- _Stored data_:
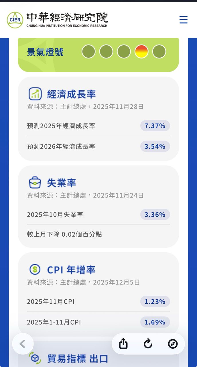 根據主計總處資料,2025年第2季經濟成長率為7.71%,較2025年8月初步統計下修0.30個
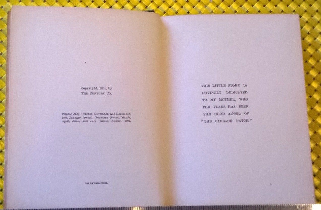Copyright 1901 by The Century Co., printed by the De Vinne Press. This copy from the 1st edition, but stated from 14th printing in August, 1902 (1st printing was in July, 1901). Tremendous sales reception to have an average of more than one print-run per month in the 1st 13 months of issue. No ISBN, LCCN nor MSR.
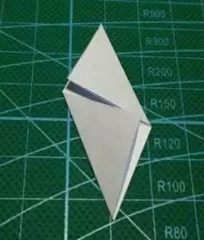 5. 折出飞镖形状:将彩纸沿着对折线再次对折,使得两个飞镖形状对齐,然后展开。
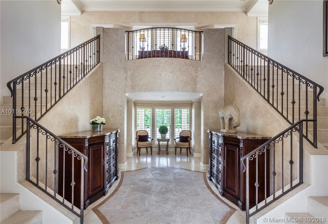 Located in esteemed Gables Estates, this extraordinary gated luxury home provides 181 ft. of expansive waterfront along with a 52 ft. dock. Design elements include a grand staircase, coffered and tray ceilings, crown moldings and travertine floors. Relax in the master suite with loft-style sitting room and spa-like bath. Home features indoor/outdoor spaces great for entertaining. All bedrooms contain en suite bathrooms and views overlooking the canal, sparkling pool, or beautifully landscaped garden.

- _Activity_:
In the listing above, find the line with "Copyright 1901 by" and output it and every line after it up to and including the line with "5. 折出飞镖形状:将彩纸沿着对折线再次对折,使得两个飞镖形状对齐,然后展开。", exactly, minus the pictures.

- _Task result_:
Copyright 1901 by The Century Co., printed by the De Vinne Press. This copy from the 1st edition, but stated from 14th printing in August, 1902 (1st printing was in July, 1901). Tremendous sales reception to have an average of more than one print-run per month in the 1st 13 months of issue. No ISBN, LCCN nor MSR.
 5. 折出飞镖形状:将彩纸沿着对折线再次对折,使得两个飞镖形状对齐,然后展开。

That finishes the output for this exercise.